Last week, the State Department’s top legal adviser laid out the administration's case for using drones to fight al Qaeda and its allies. Now the drone war is starting to generate some real legal debate.
In the new issue of Joint Force Quarterly, Amitai Etzioni, professor of international relations at The George Washington University, has a piece that outlines a moral and legal case for using drones to attack what he terms "abusive civilians" (his term for unlawful combatants). "To negate the tactical advantages abusive civilians have and to minimize our casualties, we must attack them whenever we can find them, before they attack us," he writes. Drone strikes, he adds, "are a particularly well-suited means to serve this goal."
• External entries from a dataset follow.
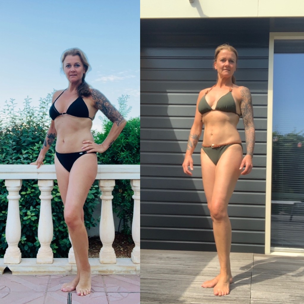 Vorig jaar was ik op mijn zwaarst ooit (op mijn zwangerschappen na, al was ik zelfs toen niet heel veel zwaarder) met waarschijnlijk mijn hoogste vetpercentage ooit.  Na een jaar van consistent trainen en het volgen van een uitgebalanceerd voedingsprogramma deelde ik vorige week mijn resultaten. Ik vond het best lastig om ook die eerste foto te plaatsen. Natuurlijk besef ik dat voor velen die eerste foto er al prima uit ziet. Ik zag echter vorig jaar mijn lichaam duidelijk veranderen en realiseerde me (na lang mijn kop in het zand te steken) dat ik gewoon aan het ‘vervetten’ was. Een onvermijdelijk gevolg van mijn leeftijd? Nee! Het was een onvermijdelijk gevolg van een tijd lang minder trainen en heel veel meer eten. “Maar jij eet toch meestal heel gezond?”, vroegen meerdere mensen aan me. Inderdaad meestal (nee; niet altijd! Ook ik lust op zijn tijd graag een portie frites of stuk chocolade) wel.  Maar ook van gezond eten kun je simpelweg te veel eten.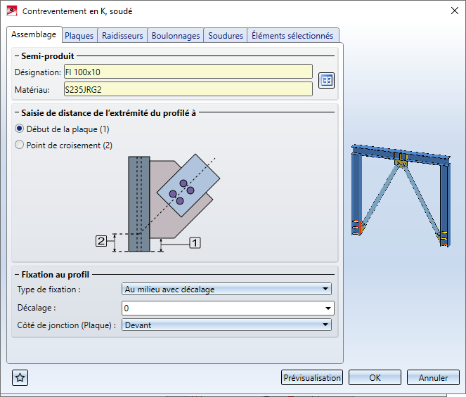 Après l'identification des profilés, la fenêtre de dialogue Contreventement en K, soudé ou Contreventement en K, vissé s'ouvre. La différence entre les fenêtres consiste aux options supplémentaires pour les contreventements en K vissé disponibles pour les plaques de montage. Hors cela, le fonctionnement des deux fenêtres de dialogue est le même.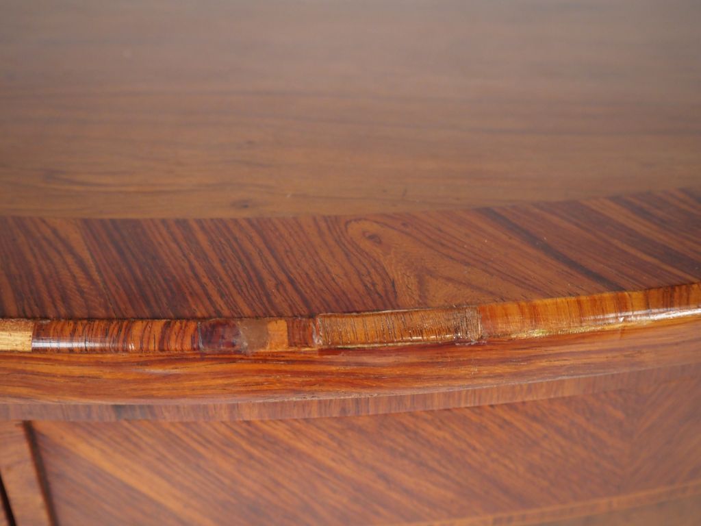 Paire d'encoignures de style Louis XVI en marqueterie à décor de cannelures en trompe l'œil, ouvrant à deux portes légèrement cintrées. H. 85 x 84 x 50 cm (quelques sauts de placage)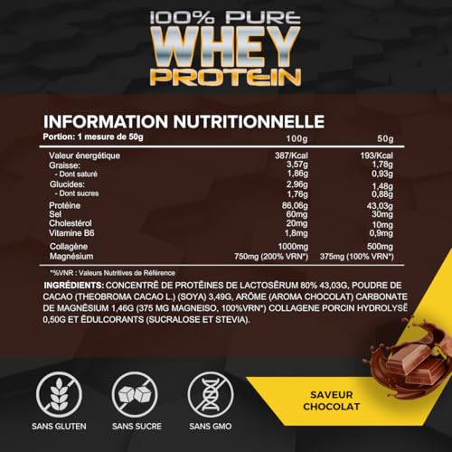 INGRÉDIENTS: Protêine de LACTOSÉRUM 80 % 43 034 g; cacao dégraissé; parfum de chocolat; Carbonate de Magnésium 1.464g (375.22 Mg de Magnésium 100% VRN*), Collagène 500mg; Édulcorant: Sucralose et Stevia.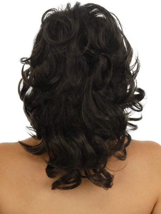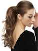 This mid-length, wavy layered ponytail clips on with claw comb or optional drawstring bun base. The style is reversible as well. Depending on which direction the hairpiece is applied the hair style appears more or less wavy.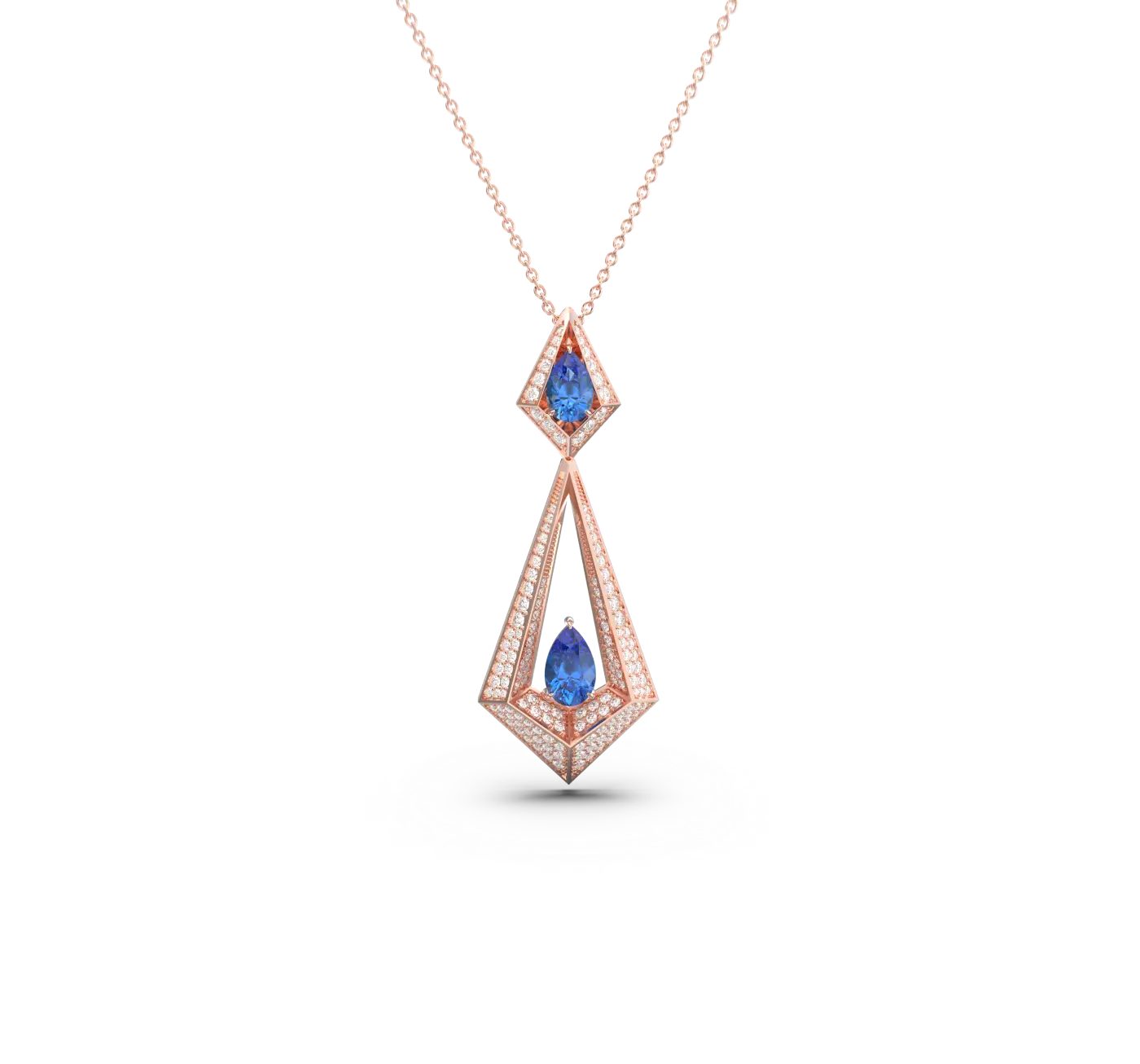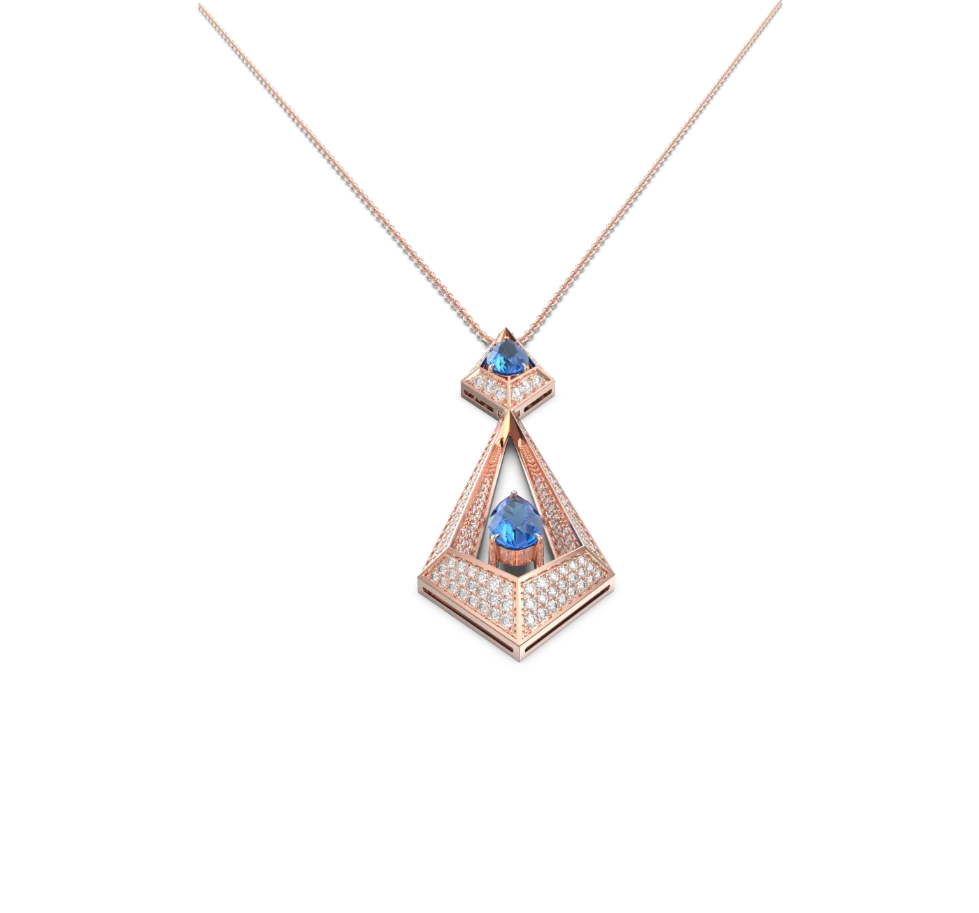 Geo Collection Necklace in Rose, White, Yellow gold & Blue Sapphire

Etzioni's article is a response, in part, to New Yorker correspondent Jane Mayer, who has documented the perils of what she calls the “push-button” approach to combating terror. But he also appeared in a fascinating discussion of the legal issues surrounding robotic warfare that aired yesterday on NPR's Talk of the Nation.
The JFQ piece is worth reading in full: It raises some of the larger questions about how adequately the current laws of war have kept up with the rise of terrorism. To make a provocative point, Etzioni cites his own personal experience as a member of the Palmach. "One day, we attacked a British radar station near Haifa," he writes. "A young woman and I, in civilian clothes and looking as if we were on a date, casually walked up to the radar station’s fence, cut the fence, and placed a bomb. Before it exploded, we disappeared into the crowd milling around in an adjacent street. All the British could do was either indiscriminately machinegun the crowd—or let us get away."
Of course, I'll show my own bias here: I think Noah's reporting on this subject has already raised many of the ambiguities and (the dangers) of drone warfare. And for good background, Wired for War by Danger Room pal Peter Singer (who gets approving quotes from Mayer) is a worthwhile read.